===== Data below =====

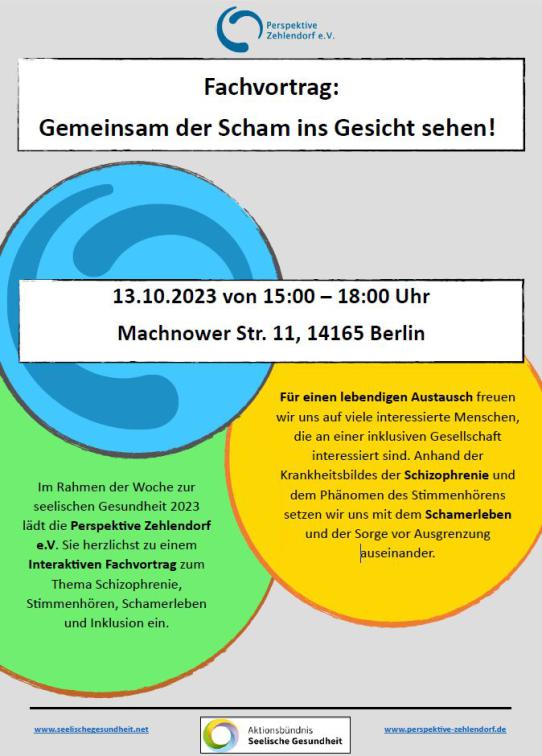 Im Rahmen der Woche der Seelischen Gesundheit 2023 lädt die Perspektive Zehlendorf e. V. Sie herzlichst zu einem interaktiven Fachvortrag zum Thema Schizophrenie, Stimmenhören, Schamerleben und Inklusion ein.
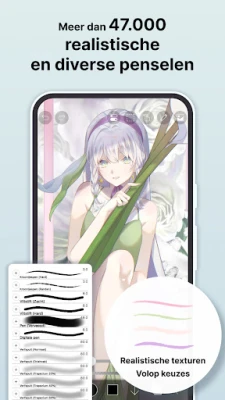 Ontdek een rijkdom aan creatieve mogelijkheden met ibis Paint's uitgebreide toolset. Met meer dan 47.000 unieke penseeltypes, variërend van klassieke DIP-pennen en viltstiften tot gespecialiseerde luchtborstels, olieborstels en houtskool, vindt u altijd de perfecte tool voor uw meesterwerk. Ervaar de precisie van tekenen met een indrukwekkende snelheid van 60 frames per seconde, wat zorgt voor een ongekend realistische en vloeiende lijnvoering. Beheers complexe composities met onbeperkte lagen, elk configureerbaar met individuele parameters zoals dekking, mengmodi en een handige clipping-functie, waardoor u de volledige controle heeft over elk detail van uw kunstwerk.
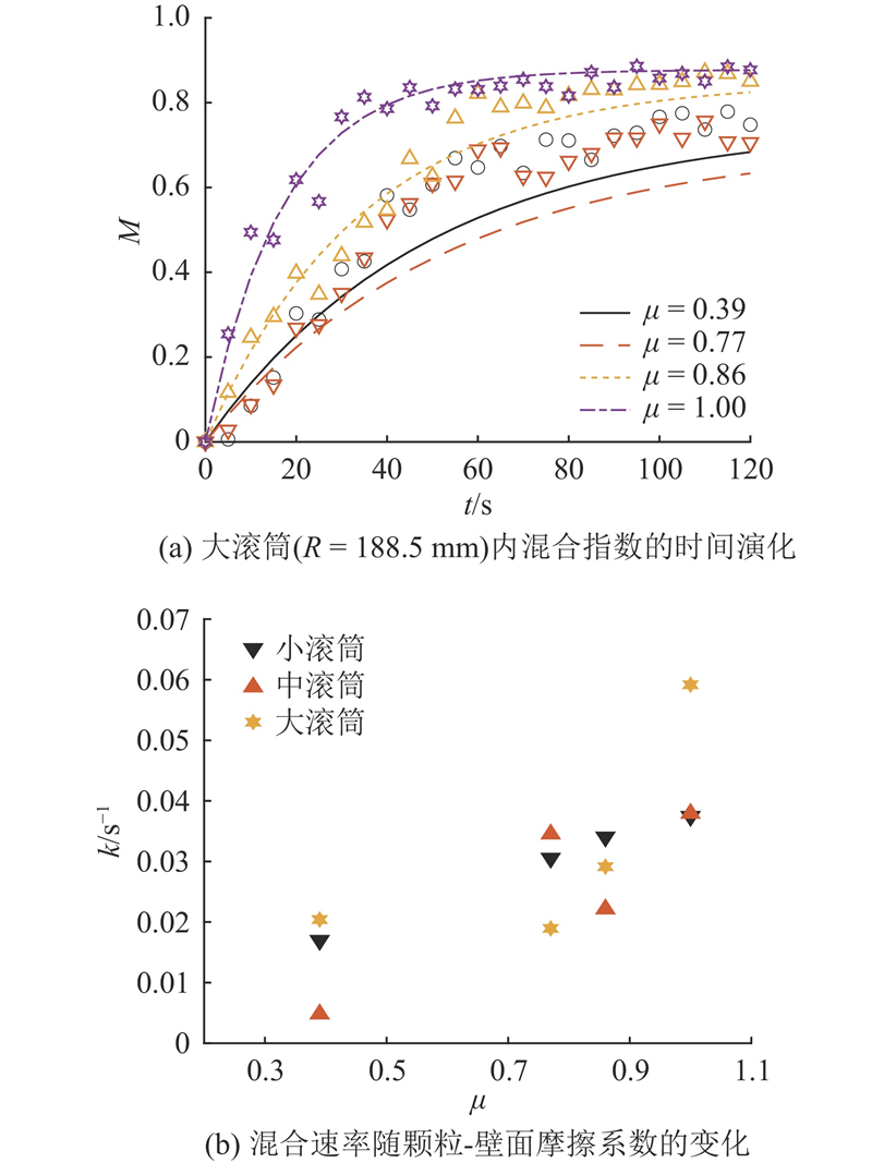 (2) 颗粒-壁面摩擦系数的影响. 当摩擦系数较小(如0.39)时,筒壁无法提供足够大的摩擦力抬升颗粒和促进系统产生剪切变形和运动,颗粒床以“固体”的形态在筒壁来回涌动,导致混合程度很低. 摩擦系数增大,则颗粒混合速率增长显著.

=====

Drop the images and repeat the data exactly.

Response to this task:
 Im Rahmen der Woche der Seelischen Gesundheit 2023 lädt die Perspektive Zehlendorf e. V. Sie herzlichst zu einem interaktiven Fachvortrag zum Thema Schizophrenie, Stimmenhören, Schamerleben und Inklusion ein.
 Ontdek een rijkdom aan creatieve mogelijkheden met ibis Paint's uitgebreide toolset. Met meer dan 47.000 unieke penseeltypes, variërend van klassieke DIP-pennen en viltstiften tot gespecialiseerde luchtborstels, olieborstels en houtskool, vindt u altijd de perfecte tool voor uw meesterwerk. Ervaar de precisie van tekenen met een indrukwekkende snelheid van 60 frames per seconde, wat zorgt voor een ongekend realistische en vloeiende lijnvoering. Beheers complexe composities met onbeperkte lagen, elk configureerbaar met individuele parameters zoals dekking, mengmodi en een handige clipping-functie, waardoor u de volledige controle heeft over elk detail van uw kunstwerk.
 (2) 颗粒-壁面摩擦系数的影响. 当摩擦系数较小(如0.39)时,筒壁无法提供足够大的摩擦力抬升颗粒和促进系统产生剪切变形和运动,颗粒床以“固体”的形态在筒壁来回涌动,导致混合程度很低. 摩擦系数增大,则颗粒混合速率增长显著.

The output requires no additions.